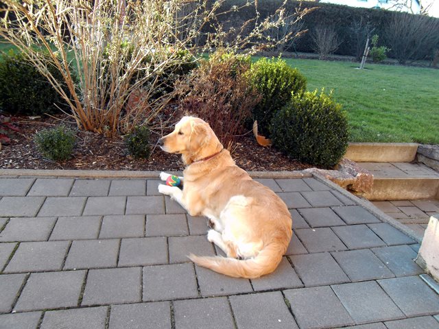 Mira beim Sonnenbaden 2013 kurz vor dem Wurftag
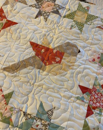 I have received some quilts back from my quilter this week and look forward to sharing them with you. This one was made with Fig Tree fabrics and features a Pattern Basket Bird Block in the center of the runner. I love the springy feel of the fabrics and love the quilting design my quilter […]
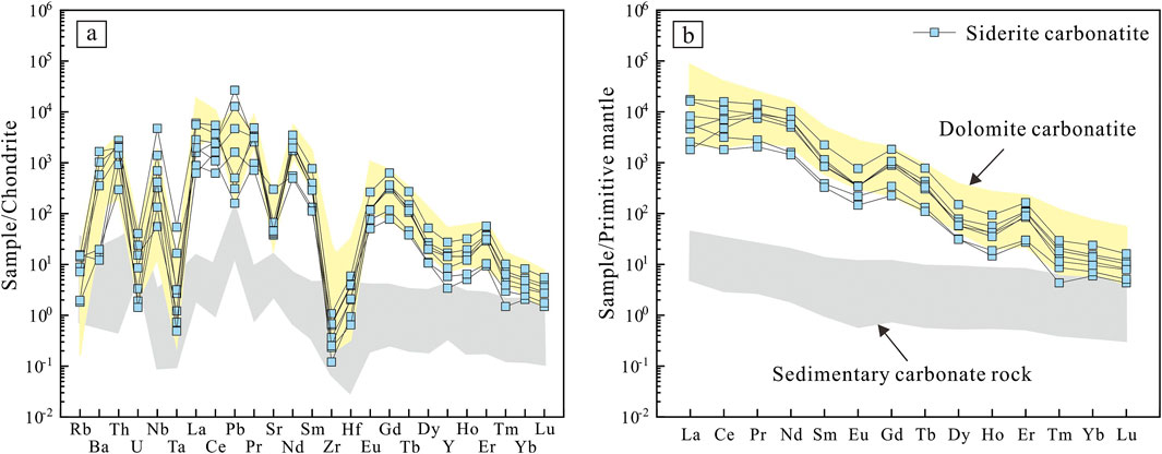 Figure 8. (a) Chondrite-normalized REE pattern diagram and (b) primitive mantle-normalized trace element spider diagram for the siderite carbonatites from the Bayan Obo deposit (Data sources: Ling et al., 2011; Sun et al., 2012).
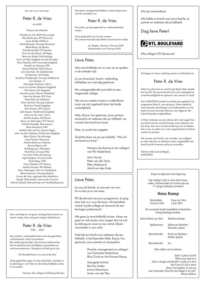 Rouwadvertentie Peter R. De Vries - Check spelling or type a new query.. Maybe you would like to learn more about one of these? We did not find results for: Check spelling or type a new query.
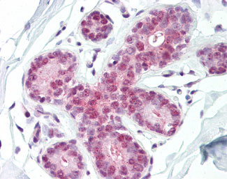 Anti-TP53 / p53 antibody IHC of human breast. |
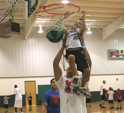 PHOTO 1: Kaden Edwards, 4, dunks the ball thanks to a lift from Bulldogs Basketball Camp counselor Demone Belmarez during camp. Staff photos by Jennifer Fierro
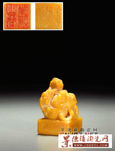 清;3cm*3cm*5cm;說(shuō) 明:印文:山谷詩(shī)村。匣中夜半雙龍吼,乃知神物不自藏。器身形取四方,上 雕雙龍,回頭翹首,口微張,獠牙微露,雙目圓睜,直視前方,整體雕工細(xì)膩,生動(dòng),大有清代皇家之氣魄。此印石石質(zhì)金黃,蘿卜絲紋明顯,質(zhì)地細(xì)膩,剔透無(wú)比,幾近田黃凍石之列,可謂“六德”兼?zhèn)。是難得的田黃印石精品。田黃是葉臘石的一種,產(chǎn)于福建壽山溪流域的水田之下,是制作印章的珍品石材,與其他產(chǎn)至壽山的石材,統(tǒng)稱為“壽山石”。 因其色普遍呈黃色,又取于水田之中,故稱之為田黃。又因其產(chǎn)量稀少,色澤高貴,自古便有“石中帝王”之稱。從顏色上分, 田黃主要分黃、白、紅、黑四色;黃的稱“田黃”,白的稱“白田”,紅的稱“紅田”,黑的稱“黑田”,黃白兼有者稱“金裹銀”。其中以田黃為貴,而黃色又分有黃金黃、枇杷黃、桂花黃及熟栗黃等。田黃石質(zhì)較軟,溫潤(rùn)膩凝。田黃石一般都含有石花,這種石花近似糠蘿卜狀,以遍體有糠蘿卜紋尤其珍貴,除此之外,一般 亦有石根石格以及帶有石皮。常言田黃有六德,亦有稱田黃有九德,無(wú)論幾德,均秉承“細(xì),結(jié),潤(rùn),膩,溫,凝”等之評(píng)石原則,如能兼?zhèn),更可譽(yù)為上品。
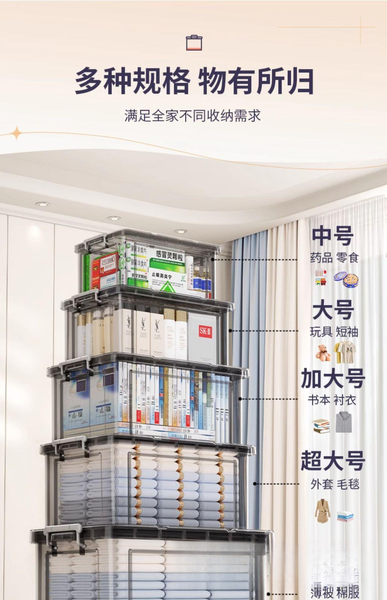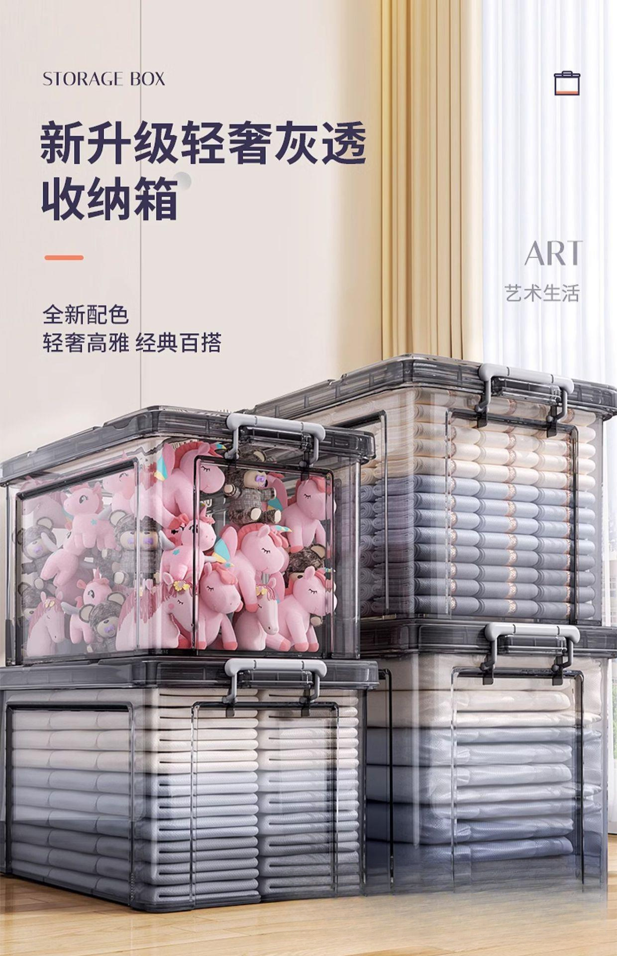 투명한 보관 상자 가정용 플라스틱 보관 상자 의류 및 장난감 보관 상자 대용량 스낵 백업 보관 상자스토어 가기
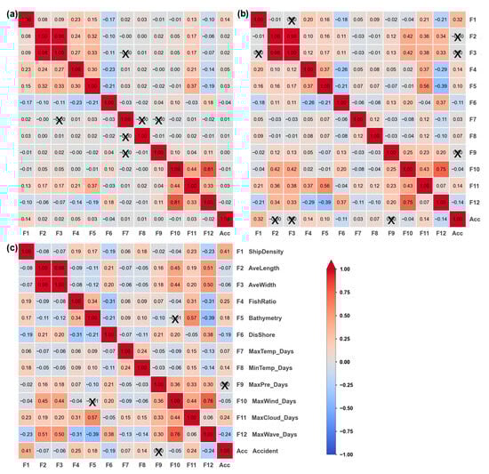 The Pearson correlation coefficient matrix of the influencing factors in (a) MMAP, (b) YMAP, and (c) M-YMAP models. Each square corresponds to the correlation between two factors. × indicates that the correlation coefficient is “not significant” (p-value < 0.05).

* * * * *

What is expected:
Everything in the data above should be set down again exactly, except the pictures.

Response to this task:
 Mira beim Sonnenbaden 2013 kurz vor dem Wurftag
 I have received some quilts back from my quilter this week and look forward to sharing them with you. This one was made with Fig Tree fabrics and features a Pattern Basket Bird Block in the center of the runner. I love the springy feel of the fabrics and love the quilting design my quilter […]
 Figure 8. (a) Chondrite-normalized REE pattern diagram and (b) primitive mantle-normalized trace element spider diagram for the siderite carbonatites from the Bayan Obo deposit (Data sources: Ling et al., 2011; Sun et al., 2012).
 Rouwadvertentie Peter R. De Vries - Check spelling or type a new query.. Maybe you would like to learn more about one of these? We did not find results for: Check spelling or type a new query.
 Anti-TP53 / p53 antibody IHC of human breast. |
 PHOTO 1: Kaden Edwards, 4, dunks the ball thanks to a lift from Bulldogs Basketball Camp counselor Demone Belmarez during camp. Staff photos by Jennifer Fierro
 清;3cm*3cm*5cm;說(shuō) 明:印文:山谷詩(shī)村。匣中夜半雙龍吼,乃知神物不自藏。器身形取四方,上 雕雙龍,回頭翹首,口微張,獠牙微露,雙目圓睜,直視前方,整體雕工細(xì)膩,生動(dòng),大有清代皇家之氣魄。此印石石質(zhì)金黃,蘿卜絲紋明顯,質(zhì)地細(xì)膩,剔透無(wú)比,幾近田黃凍石之列,可謂“六德”兼?zhèn)。是難得的田黃印石精品。田黃是葉臘石的一種,產(chǎn)于福建壽山溪流域的水田之下,是制作印章的珍品石材,與其他產(chǎn)至壽山的石材,統(tǒng)稱為“壽山石”。 因其色普遍呈黃色,又取于水田之中,故稱之為田黃。又因其產(chǎn)量稀少,色澤高貴,自古便有“石中帝王”之稱。從顏色上分, 田黃主要分黃、白、紅、黑四色;黃的稱“田黃”,白的稱“白田”,紅的稱“紅田”,黑的稱“黑田”,黃白兼有者稱“金裹銀”。其中以田黃為貴,而黃色又分有黃金黃、枇杷黃、桂花黃及熟栗黃等。田黃石質(zhì)較軟,溫潤(rùn)膩凝。田黃石一般都含有石花,這種石花近似糠蘿卜狀,以遍體有糠蘿卜紋尤其珍貴,除此之外,一般 亦有石根石格以及帶有石皮。常言田黃有六德,亦有稱田黃有九德,無(wú)論幾德,均秉承“細(xì),結(jié),潤(rùn),膩,溫,凝”等之評(píng)石原則,如能兼?zhèn),更可譽(yù)為上品。
 투명한 보관 상자 가정용 플라스틱 보관 상자 의류 및 장난감 보관 상자 대용량 스낵 백업 보관 상자스토어 가기
 The Pearson correlation coefficient matrix of the influencing factors in (a) MMAP, (b) YMAP, and (c) M-YMAP models. Each square corresponds to the correlation between two factors. × indicates that the correlation coefficient is “not significant” (p-value < 0.05).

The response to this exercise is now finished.